I think this paper is not theoretically solid enough to meet the standards expected at this conference. The contributions are modest and mainly focused on a graph partitioning approach, which lacks a strong theoretical foundation. To enhance the work, I recommend the authors further develop the theoretical framework, particularly by providing more rigorous analysis or proofs regarding the scalability or performance guarantees of their approach.

问题

The subject appears to be using an outdated template (ICLR 2024).
Please address my concerns in the weakness section.

伦理问题详情

None

评论- Response to Reviewer 4ZDn (1/2)

2024-11-20

We realize that we did not sufficiently detail the novelty of our contribution in the initial submission. We added the following ‘contributions’ section to the Introduction:

We develop an efficient GNN-based model for electronic property prediction by combining (1) the SO(2) convolution approach detailed in [1], (2) the equivariant attention mechanism proposed in [2], and (3) concepts from [3] and [4] to introduce learnable node/edge embeddings and a basis transformation layer for mapping outputs to the Hamiltonian.

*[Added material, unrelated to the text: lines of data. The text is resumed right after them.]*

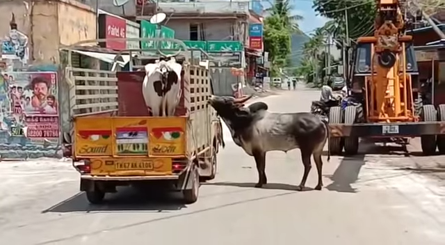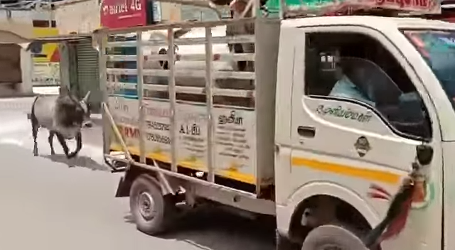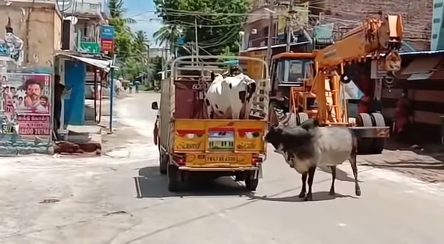 ▼原來Muniyandi家附近寺廟供養的一頭公牛,和這頭母牛感情很好,因為看到母牛要被貨車給載走了,便跟在貨車旁,兩隻牛離情依依,公牛在貨車邊轉來轉去,看得出牠們情感真摯,而在小貨車驅車加速駛離後,公牛竟也開始拔腿狂奔,緊追在載母牛的貨車後面,據當地民眾表示,公牛一路追了1公里之遠。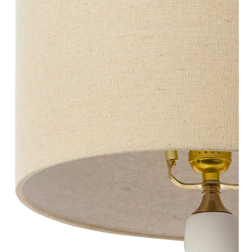 - Colors: Body: White; Shade (Outside): Beige; Shade (Inside): White; Finial: Metallic - Brass; Harp: Metallic - Brass; Cord: Translucent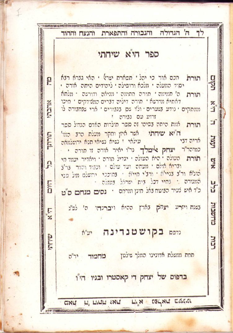Hebrew book, lithography, Constantinople the imprint page is dedicated to Sultan Mahmud. 176 pages, 16x22cm

We provide the code for this implementation [in the Supporting Materials].
As the graphs required to capture amorphous disorder are necessarily large and incur high memory consumption in a full-batch training environment, we propose an efficient augmented partitioning method that partitions the input graphs and corrects atomic environments with masked virtual nodes and edges. Our method allows for arbitrarily large graphs to be broken down into partitions that can fit into GPU memory during training without compromising the achievable testing accuracy.

Problem specificity:

We agree that our methodology is specifically designed for electronic property prediction, from the construction of equivariant networks for Hamiltonian blocks to the augmented partitioning approach designed to tackle full-batch training of large, densely-connected graphs. Both of these techniques can find other applications that will be explored in future work.

However, we do not want to stray from our application focus in this paper because this problem is of high scientific relevance. Predicting the electronic properties of large disordered structures from first-principles using density functional theory is a key research activity in materials science. It consumes a large portion of the computing time of several supercomputers in the world [5]. We have tried to stress the potential scientific impact of research in this area in the Outlook section of the manuscript. More generally, several previous papers at top venues have been dedicated specifically to predicting electronically-resolved information, several of which are cited in our work [6,7]. We strongly believe that this application is of significant interest to ICLR.

Our approach is similarly straightforward when extending to crystalline materials. This is because crystalline materials are composed of a periodic tiling of a unit cell in space, with atomic environments varying only within the unit cell. When represented on a local basis, the corresponding Hamiltonian matrix is composed of identical sub-blocks. This also implies that the difference between training and testing data is almost negligible since the same/very similar local atomic environments are seen in both cases. After developing a similarly-sized structure of monoclinic HfO₂ (a crystalline phase), for example, we can achieve near sub-meV accuracy (more information can be found in Appendix I). On the other hand, amorphous structures contain a large range of different local atomic configurations that vary across different samples, necessitating the use of large unit cells to be fully captured. The accurate prediction of electronic properties of amorphous materials therefore remains an open problem in literature [8]. The approach introduced in our paper tackles this challenging problem.

It is not straightforward to compare to our work to other studies, as no existing equivariant network that we are aware of is computationally capable of treating our datasets without extensive additional computational optimization. However, we can show generalizability to different disordered systems. In Appendix I, we have added examples of sub-stoichiometry HfOₓ ( with $x < 2$ ) and amorphous Pt-doped Ge, as mentioned in the ‘general response’ above. The code we provided in the Supporting Information also includes several examples applied to small-molecule datasets made from MD17 trajectories, including H₂O, uracil, and malondialdehyde. Results for one example - H₂O - are shown in Appendix B of our paper.

评论- Response to Reviewer 4ZDn (2/2)

2024-11-20

Theoretical framework:

We are aware that it should be unnecessary to read the appendix in order to understand the main text. However, this is where we placed a lot of methodological details and more extensive experiments, which deviate from the flow of the paper. For example, we provide scaling studies of the partitioning approach in Appendix G.2 together with the measured memory consumption. Since the partitions can be treated as separate batches, scaling is limited only by load imbalance and the small overhead introduced by edges from virtual nodes.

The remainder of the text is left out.